Stay at Home or go to Work? The struggle.

I never saw myself as a “stay at home mom” type.  My mom worked for most of our childhood and I considered it a badge of honor to have the ability to take care of a household and hold down a career at the same time.  I’m going to very shamefully admit that I looked at stay at home moms as…I don’t know…too weak to work at the same time?

After my brief stint as a stay at home mom, however, my oh my how that tune has changed.

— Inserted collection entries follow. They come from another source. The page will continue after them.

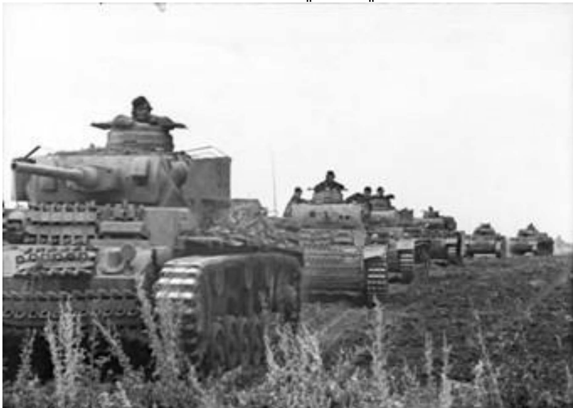
Солдаты на Т-34 в 1943 году 1943 год | 20
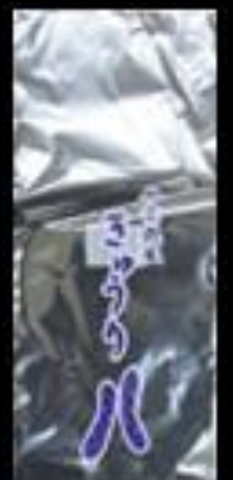
千葉県産 きゅうり FG #20 150x350 4穴
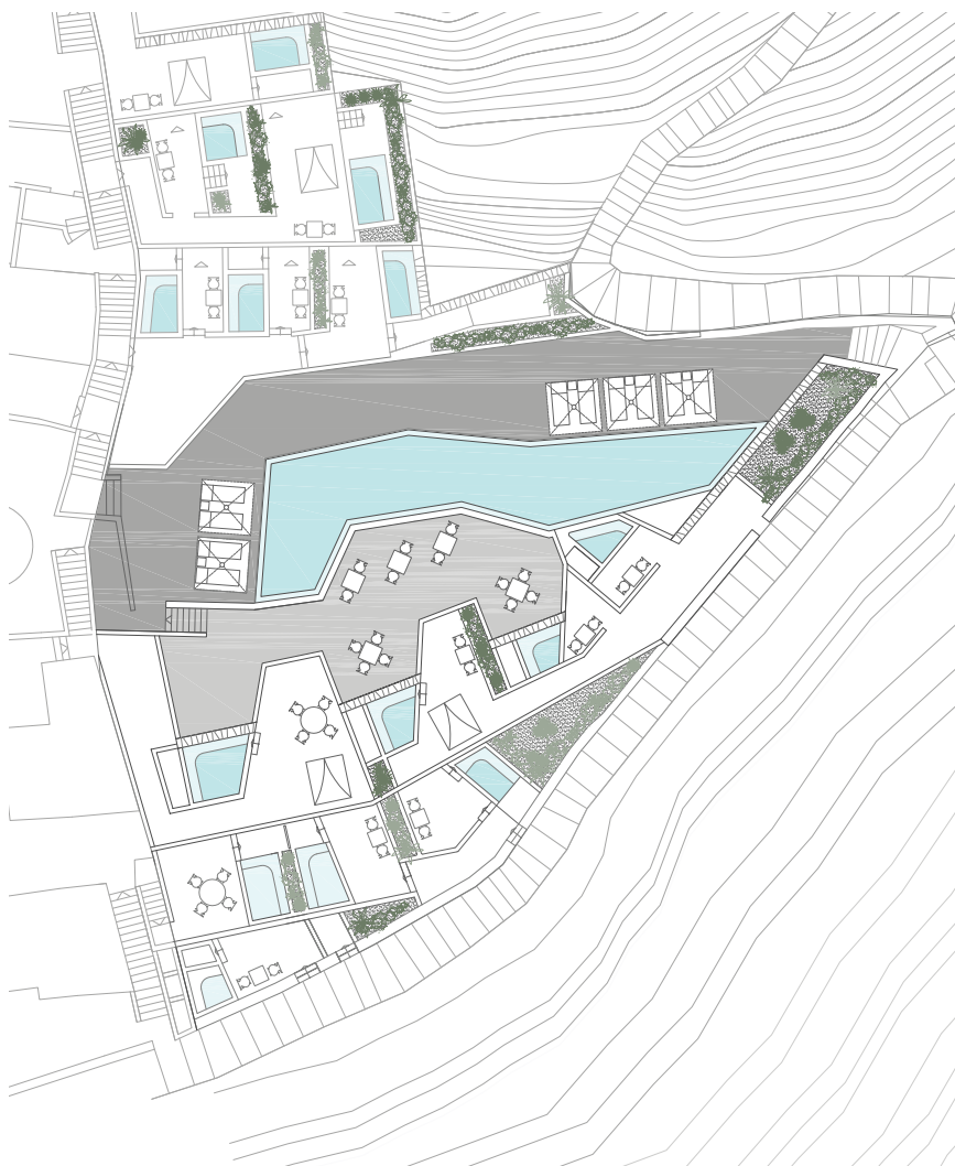
ΤΟΠΟΓΡΑΦΙΚΟ SITE PLAN
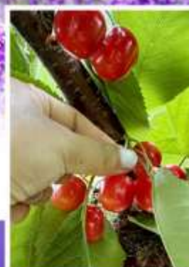
กิจกรรมเก็บเชอร์รี่

ออนเซ็น 2 คืน นน.กระบี่ 23 กก. 1 ใบ 6Days 4Night
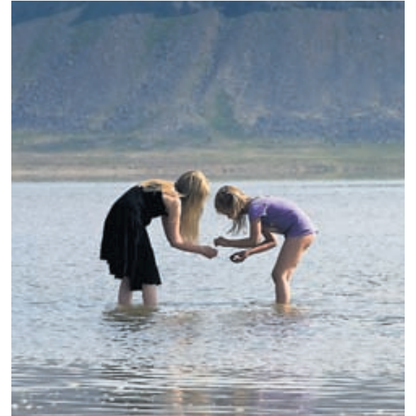
Á Rauðasandi Fjaran er staður uppgötvana.
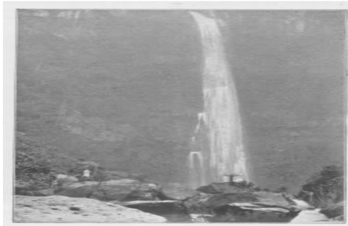
Gambar 2.5. Air Terjun Bisappu 1905

Salah satu air terjun yang bisa ditemui di Bonthain yaitu air terjun Bisappu dengan ketinggian 80 M. Namun perjalanan untuk sampai pada kaki air terjun harus melewati dasar sungai dan pendakian yang lumayan melelahkan. Disana, terdapat bebatuan yang besar serta dikelilingi oleh pohon-pohon besar yang rindang.
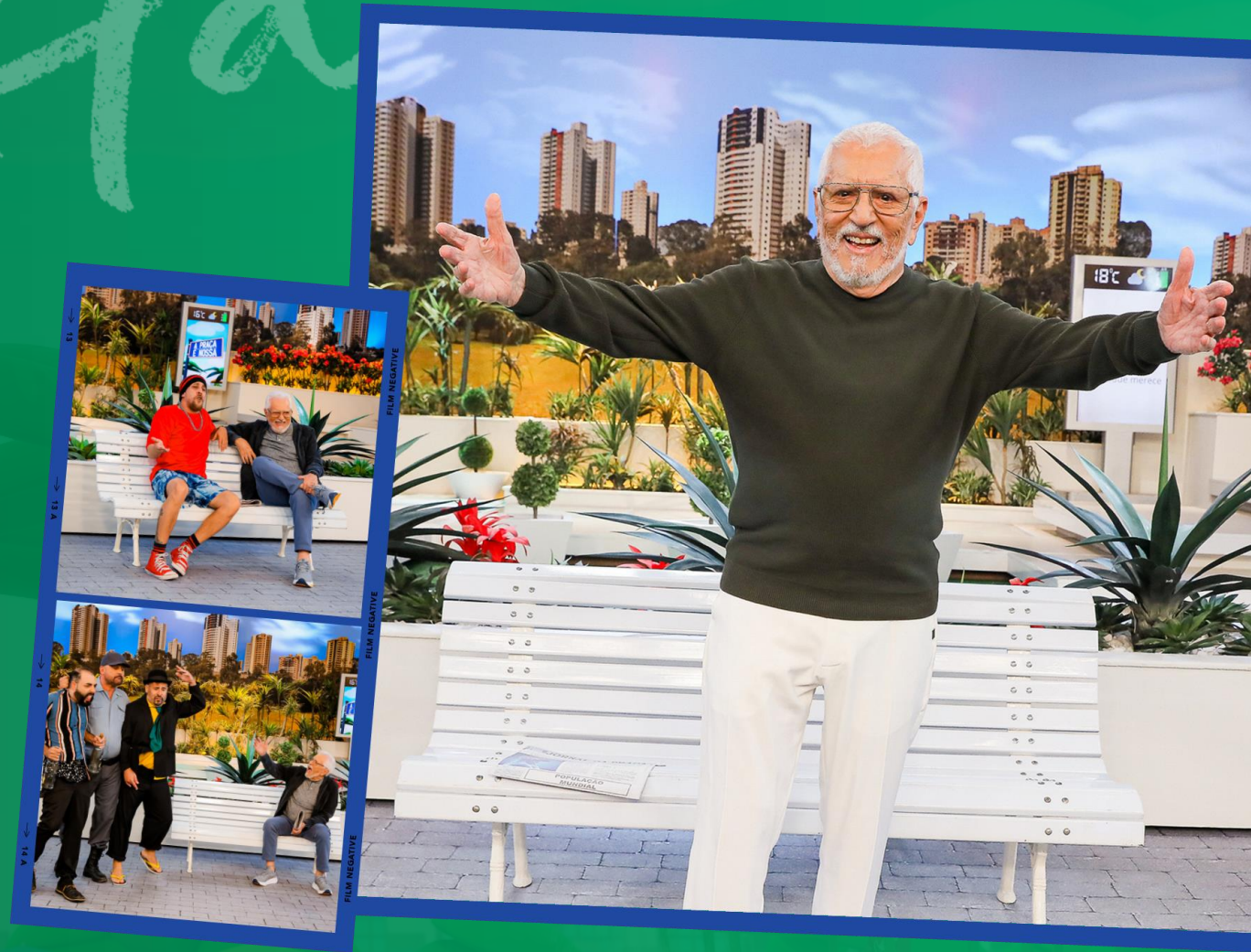
figura icônica que mantém a tradição e a qualidade do humor de maneira vibrante e atual
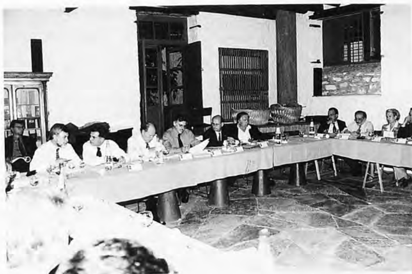
Από τη σύνοδο των Πρυτάνεων στην Ύδρα, που διοργανώθηκε από το Πανεπιστήμιο Πειραιώς (10-12/10/1997).
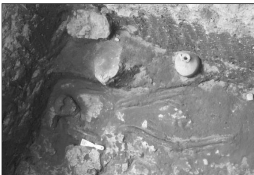
Fig. 4 entierro primario con ajuar funerario, destacándose un pedestal cerámico, olla globular v una vasiia trípode.

Entierro primario orientado en dirección Sur (el cráneo) - norte (los pies) a una profundidad de 1.04m, donde los restos óseos se encuentran muy
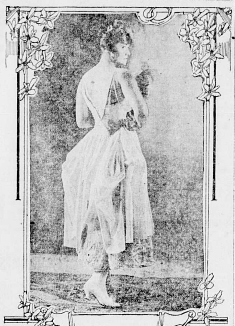
UN STYLE VRAIMENT PITTORESQUE.—On croirait à une reproduction de quelque vieux tableau à voir cette jeune fille dans le charmant costume illustré ci-dessus. Ce modèle est vraiment pittoresque avec sa blouse dentelle et ses manches bouffantes. Délicieuse aussi la combinaison de tissu en Défilé, rose et blanc. Un galon doré entre aussi dans l'ensemble, ornant une jupe tombante ainsi qu'une partie du corsage.

En ce temps-ci, on ne saurait dire exactement en quoi consiste le chic. C'est en effet presque indéfinissable ; un petit rien dans la toilette ou le chapeau, dans l'arrangement d'un noeud, d'un ruban ou d'une voilette, ou simplement dans l'allure qui fait qu'on se retourne, ravi, au passage d'une minidette aussi bien que d'une femme du monde, et que l'on murmure malgré soi : "Quel chic !" Plus facile à saisir est la distinction. Rares sont ceux qui savent se distinguer de soi-même ; elle pare de bon ton les robes les plus osées lorsqu'elle consent à les vêtir, ce qui est très rare ; elle s'érige, fière et droite, tel un lis, observant les distances ; elle n'admet pas trop de souplesse et de laisser-aller. Elle est un signe distinctif de race, bien qu'on la trouve innée chez certaines femmes, même chez des paysannes.
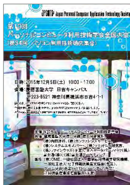
-第 10 回全国大会ポスター-
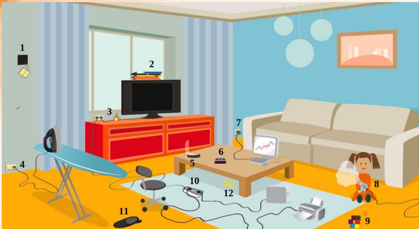
Рис. 3 Проверь найденные нарушения пожарной безопасности в гостиной
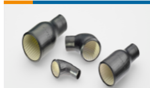
TE 产品编号EK7313-000 222S163-100C-0
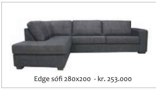
Edge sófi 280x200 - kr. 253.000
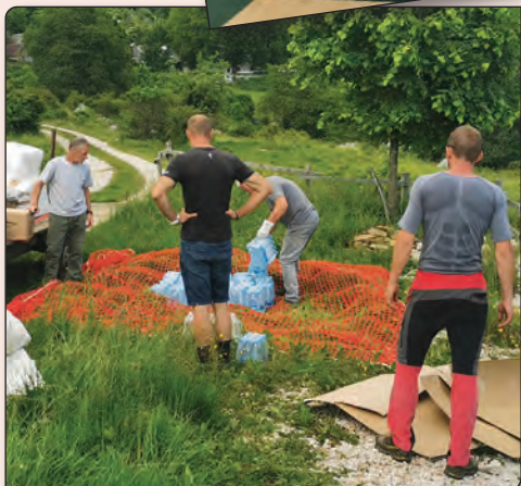
Oskrbovanje Krna.

Let’s back up a bit, shall we?

I’m a high school English teacher.  Last year, our district was making cuts and unfortunately, my position was not to stay.  I cried and boohooed, fought, stamped my feet, and finally, after much debate, tried to accept my reality.  I had a decision to make:  find another teaching position in an overly saturated market or stay home with the baby for the next year.  I had  many factors to consider.  What if my husband deploys?  What if I get another job in another school and we are stationed elsewhere?  Do I really want to be the new kid AGAIN?  Can I leave my baby in daycare?  What if I take a year off and then struggle to find employment again?  Etc, etc, etc.

Can I just say that I do not think people who are 8 months pregnant should be required to make any kind of life altering decisions.  I was too fat and emotional to see things clearly.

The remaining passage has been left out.